# What does an adult, male ENFP/INFP look/act like?



## Kozy (Jun 4, 2011)

What am I going to turn into O_O


----------



## ertertwert (Jun 5, 2010)

I always figured Lupe Fiasco was an ENFP but I could be wrong.


----------



## nádej (Feb 27, 2011)

Well, I know two adult (early 20s) INFP males and an adult ENFP male. All three have beards and wear a lot of flannel.

But so do most of my guy friends, so that's not saying much.


----------



## PhoebeJaspe (Apr 17, 2011)

On the outside:










On the inside:


----------



## ytisibrsk (May 24, 2011)

There is a cute description in Socionics. A bit theatrical or attention-getting clothing, but not impeccably fashionable, that would be too S. Not in super good shape, not a pin-up, that would require too much consistency of effort after 30. Wrinkles from smiling a lot, after 35. Not too fat, we like getting around. Sort of average, in fact. Very expressive eyes. We sparkle, we twinkle, we like to make you laugh. And probably with a food stain sometimes.

What the heck, it's giving it a shot!


----------



## krentz (Feb 28, 2010)

Kozy said:


> What am I going to turn into O_O


Probably the most direct answer to your question would be pretty much the way you are now, except with a broader perspective that is developed over time as a result of having experienced more, and been alive for longer - so you've been trapped in that cement mixer of a brain _that much longer_. Oh yeah, and you'll probably not be as much of a horny fucker as people stereotypically are in their teens, although this of course doesn't apply to everyone. Really though I don't think I'm all that different, just more comfortable with myself, and perhaps less emotionally volatile. Then again, I haven't really made an effort to "find my style" or whatever yet. I should probably do that one of these days. Eventually.


----------



## Lunamir24 (Jul 9, 2011)

@PhoebeJaspe ooh thank you for the laugh, Lol.


----------



## PhoebeJaspe (Apr 17, 2011)

Lunamir24 said:


> @PhoebeJaspe ooh thank you for the laugh, Lol.


lol. no problem.  x


----------



## Agelaius (Apr 3, 2010)

krentz said:


> Probably the most direct answer to your question would be pretty much the way you are now, except with a broader perspective that is developed over time as a result of having experienced more, and been alive for longer - so you've been trapped in that cement mixer of a brain _that much longer_. Oh yeah, and you'll probably not be as much of a horny fucker as people stereotypically are in their teens, although this of course doesn't apply to everyone. Really though I don't think I'm all that different, just more comfortable with myself, and perhaps less emotionally volatile. Then again, I haven't really made an effort to "find my style" or whatever yet. I should probably do that one of these days. Eventually.

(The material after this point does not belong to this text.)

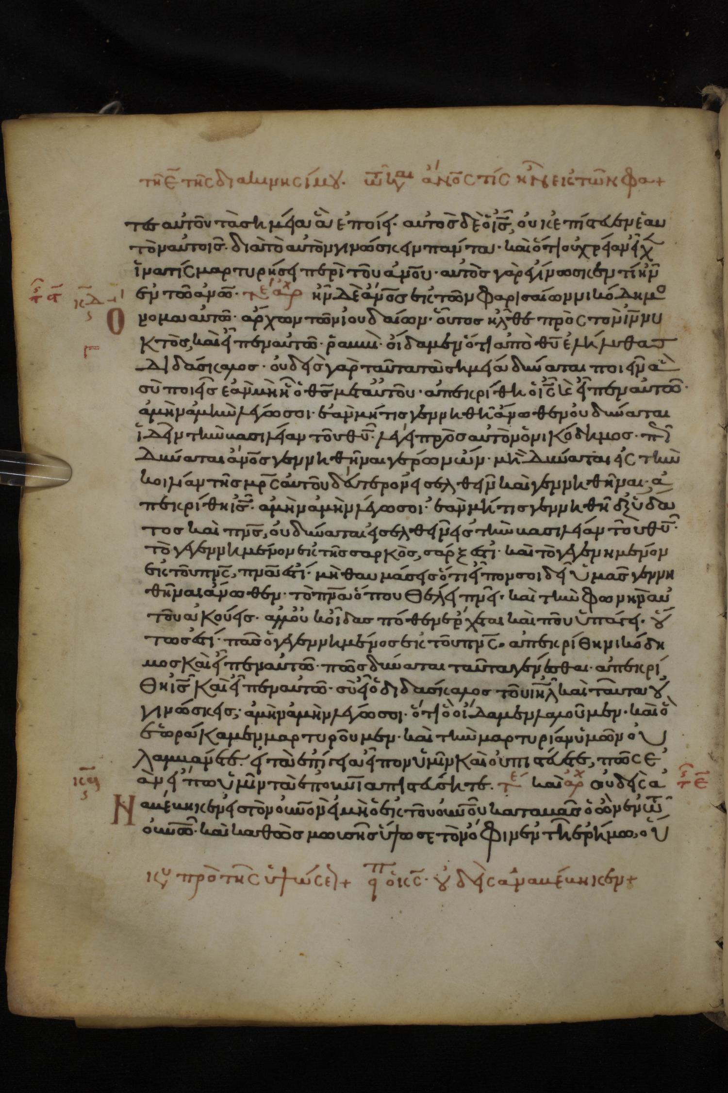 Twelfth century minuscule of the Gospels on parchment; 150 leaves, 1 column, 27 lines per column. Images were taken at the National Library of Greece in Athens.

Pretty much this. Mostly what comes of growing a bit older is obviously more maturity but also self-control. Being more capable of having an on/off switch for silliness and enthusiasm to gentle and calm. It's kind of like developing two personalities in which one is more the inspirer that people associate with being an ENFP as well as a counselor or shoulder to cry on for those you are trying to help. Now, being a hardass and being direct in order to get things done... that's a little more tricky, though with practice you can become pretty damn reliable and able to just get things done when they need to be done. Your observations become more clear and open as you gain more knowledge and experience, and your morals will often continue to guide you throughout life as they likely do now. Just try to keep a calm head now and later in life you'll be everyone's best friend 

The *tl;dr* is that you'll be as awesome as you are now!


----------



## The King Of Dreams (Aug 18, 2010)

It's a process. Your eyes become more open to things. I don't know how old you are but your world view will widen. Don't try to change yourself as some others will try to "fix" you. They mean well, but they don't know that there's nothing wrong with you. Don't change yourself; upgrade yourself. Keep the good qualities but change the bad ones. Happy growing!


----------